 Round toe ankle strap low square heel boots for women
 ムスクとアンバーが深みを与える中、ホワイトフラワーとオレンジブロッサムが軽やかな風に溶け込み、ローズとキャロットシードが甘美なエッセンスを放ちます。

==

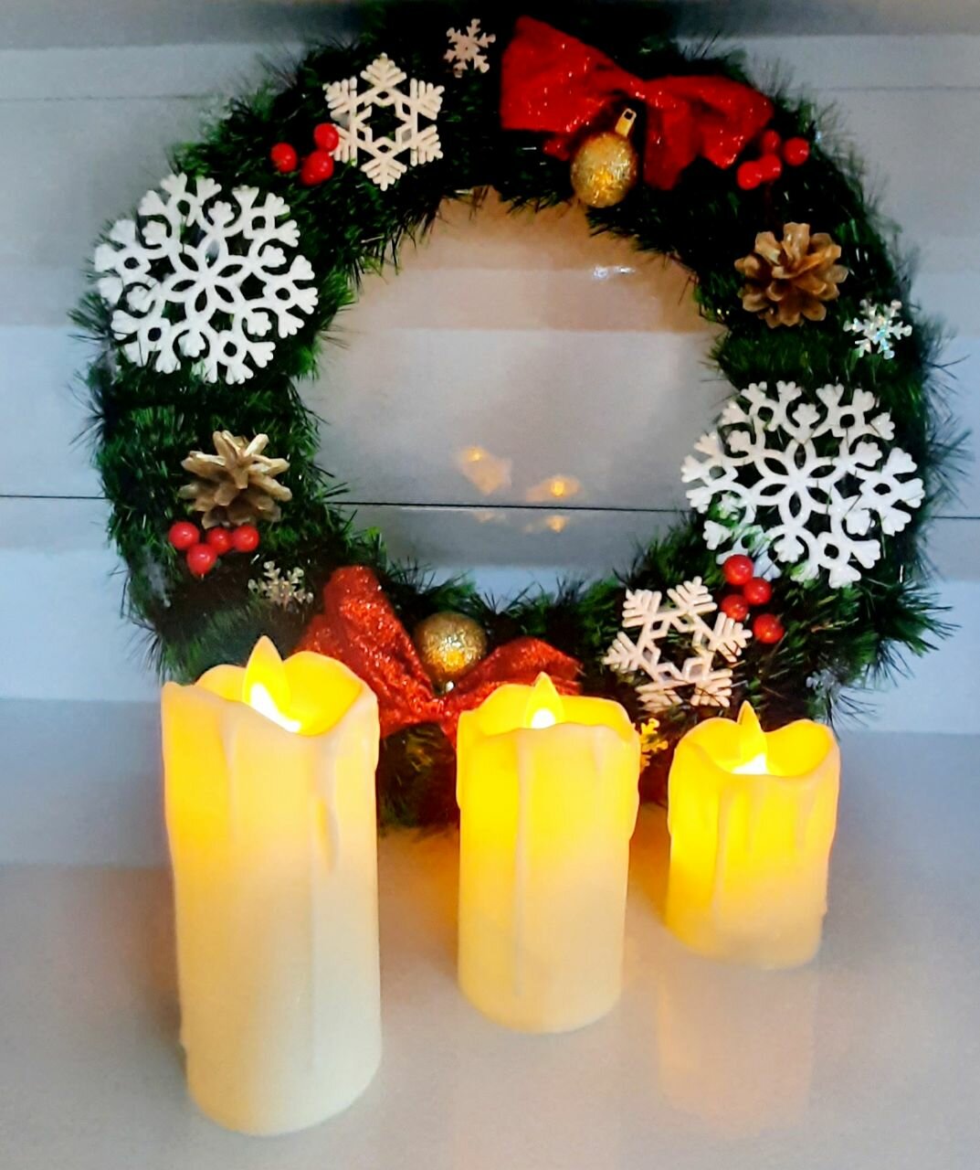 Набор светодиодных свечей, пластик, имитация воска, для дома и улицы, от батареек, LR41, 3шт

▸ Aim of the exercise
What you give back must be the stretch above, starting at the line with "Round toe ankle" and ending at the line with "ムスクとアンバーが深みを与え", copied exactly.

▸ Response to this exercise
 Round toe ankle strap low square heel boots for women
 ムスクとアンバーが深みを与える中、ホワイトフラワーとオレンジブロッサムが軽やかな風に溶け込み、ローズとキャロットシードが甘美なエッセンスを放ちます。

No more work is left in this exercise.